Wartawan yang Baik Harus Atheis?



Dalam perjalanan hidup saya menekuni dunia jurnalistik sejak 1989, saya kerap menemukan rekan-rekan seprofesi yang melepaskan ‘atribut’ agamanya agar bisa menjadi wartawan yang baik. Bahkan ada yang terang-terangan (sempat) mengaku dirinya Atheis, meski secara garis keturunan dirinya adalah Muslim. 


Di antara mereka, ada yang berpendapat bahwa untuk melahirkan karya jurnalistik yang baik, wartawan memang dituntut menanggalkan atribut agamanya. Bila perlu, dalam menggali dan menulis sebuah berita, wartawan harus mengabaikan keimanannya, sehingga informasi yang disampaikan benar-benar objektif dan fair. Lebih-lebih dalam membuat berita seputar persoalan akidah—seperti tentang ajaran sesat dan misionaris.

Di lain waktu, saya juga sempat menemukan rekan wartawan yang mengklaim dirinya beragama jurnalisme—walau mereka tahu secara harfiah jurnalisme bukanlah sebuah agama. Alasannya, untuk menjadi wartawan yang baik memang harus mengabdikan (menghambakan) diri sepenuhnya pada tugas-tugas jurnalistik.

Mereka berpendapat, dengan menjadi wartawan yang baik maka akan baik pula seluruh aspek individu wartawan tersebut. Intinya: bila jurnalisme sudah membuat seseorang menjadi baik, untuk apa menganut agama (lain) karena semua agama bertujuan mengantarkan seseorang—manusia—menjadi baik atau pada kebaikan. 

Benarkah kedua persepsi ini? Tentu bukan kapasitas saya untuk menjawabnya. Namun, selaku pribadi Muslim, saya menganggap  pemahaman mereka sebuah keteledoran dalam memaknai hidup.
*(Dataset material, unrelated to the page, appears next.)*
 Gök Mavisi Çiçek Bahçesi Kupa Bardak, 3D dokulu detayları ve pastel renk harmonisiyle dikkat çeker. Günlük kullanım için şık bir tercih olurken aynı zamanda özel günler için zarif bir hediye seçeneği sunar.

Untuk menjawab persepsi pertama, kita bisa mengutip pemikiran Direktur Institut Jurnalistik Attaqwa Dr Adian Husaini. Menurut dia, seseorang bisa menjadi Muslim sekaligus wartawan yang baik pada saat bersamaan. “Artinya, untuk menjadi wartawan yang baik tidak perlu menjadi kafir atau Atheis,” kata Adian.

Dikatakannya, orang yang melepas keimanannya itu jelas dihukumi kafir, walau sesaat. “Cara pandang netral agama dalam memandang berbagai masalah kehidupan adalah tradisi lokal Barat yang terbentuk akibat proses sejarah yang traumatik terhadap agama (Kristen),” kata Adian seperti dilansir hidayatullah.com.
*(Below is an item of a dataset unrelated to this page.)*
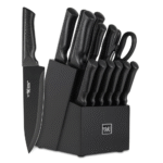 - ALL-IN-ONE KITCHEN KNIFE SET – 15-piece knife set includes. 8″ chef’s knife, 8″ slicing knife, 7″ Santoku knife, 8″ serrated bread knife, 5″ utility knife, 3.5″ paring knife, 6 4.5″ serrated steak knives, 1 kitchen shear, knife block with built-in knife sharpener

Karena itu, wartawan yang Muslim tidak perlu terjebak dalam pemahaman semacam itu. “Seorang tidak mungkin netral dalam arti sebenarnya. Dia pasti berpihak. Misalnya wartawan dengan identitas Muslim pasti tidak memihak koruptor, pembunuh, perampok, pezina, dan penganjur kemunafikan,” sebut Adian.

Persepsi kedua tentu tak jauh beda dengan persepsi pertama. Karena jurnalisme bukanlah sebuah agama, maka yang mengaku beragama jurnalisme sama dengan Atheis. Intinya, persoalan beragama tidak sebatas baik-buruk (sifat, watak, prilaku) seseorang sebagaimana pemahaman mereka.   
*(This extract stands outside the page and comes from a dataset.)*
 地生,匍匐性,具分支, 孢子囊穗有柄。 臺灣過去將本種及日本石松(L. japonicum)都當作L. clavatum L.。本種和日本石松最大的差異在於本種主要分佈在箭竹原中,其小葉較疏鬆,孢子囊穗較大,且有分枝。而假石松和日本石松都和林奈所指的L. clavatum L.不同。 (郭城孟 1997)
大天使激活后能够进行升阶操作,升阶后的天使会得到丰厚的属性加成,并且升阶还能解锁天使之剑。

Islam, misalnya. Agama yang saya anut ini mengatur segala aspek kehidupan. Tidak saja sesama makhluk, tapi juga mengatur hubungan makhluk dengan Tuhannya (Allah swt). Sehingga, dengan menganut Islam secara taat, maka apapun aktivitas kita di muka bumi akan menjadi baik. 

Dalam konteks kewartawanan, bila kita beriman dengan sebenarnya kepada Allah dan menjalankan kode etik jurnalistik secara benar, maka kita akan menjadi wartawan yang baik. Ini menurut saya, menurut Anda?